AI has basically supercharged everything. We think that it is unleashed, but there are already quite a few regulations. Even if most of the development and implementation happens in the US, the EU is still ahead. The successful implementation of AI will involve a dual effort of self-regulation and outside regulation from lawmakers and legislators.
ChatGPT is the “productised” version of AI; it is the public-facing result of something that is much deeper, sophisticated, and abstract. However, AI has the potential to democratise the industry individually and, by allowing all researchers to improve their skills, elevate the general baseline. We are not yet at the point where the top ones are also improved.
There is also an intergenerational gap where young generations will learn to leverage AI much more naturally than the older population. They will discover new applications. However, they will need to develop critical thinking to question the results or otherwise. No one will be able to check and question AI.

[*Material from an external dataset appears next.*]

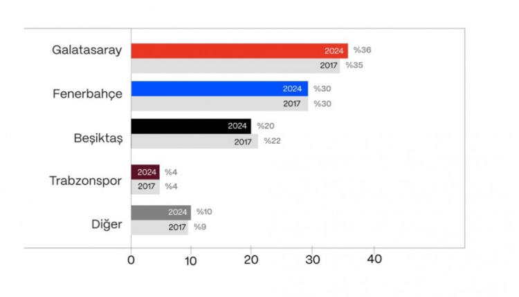 Fenerbahçe, taraftar oranında değişiklik göstermedi. 2017'de olduğu gibi 2024'te de yüzde 30 oranıyla listenin ikinci sırasında yer aldı.
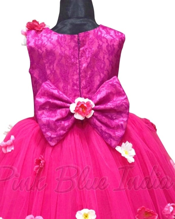 Shop for this lovely pink gown dress for girls with sleeveless bodice and beautiful flare adorned with flowers. This pink color gown party wear outfit comes with a big bow and makes a perfect dress to wear for birthday parties. Dress her up in this lovely party wear gown which includes a matching hair accessory. It makes a lovely outfit for teenage and baby girls up to 12 years of age.

We will need to develop appropriate certification models for quite a few aspects. First, for the models themselves, to ensure that they don’t harm, that they are used responsibly, and that they are constructed properly. However, humans will start generating their own certifications to ensure that they can identify when they are talking to other humans, to validate their persona when responding to questionnaires, or even when interacting with each other online. Certification models can be hugely influential in facilitating the development of AI in a thoughtful manner.
The next US campaign is set to be massively influenced by bots, deep fakes and so on. More so than the last two. This explosion will only exacerbate social division and will muddle information and the thought process of the population. Imagine a reality in which a person can generate millions of synthetic virtual entities that support their extreme political views and influence polling. This can have disastrous effects.
We need protection on two fronts. First, to protect the industry from the most harmful potential effects of AI. Second, to protect the industry at large from sweeping regulations from above that may negatively impact it.
But AI has the potential to create a better society, increase output per person, lower the working week, and generate more leisure. It’s up to us to guide it in that direction.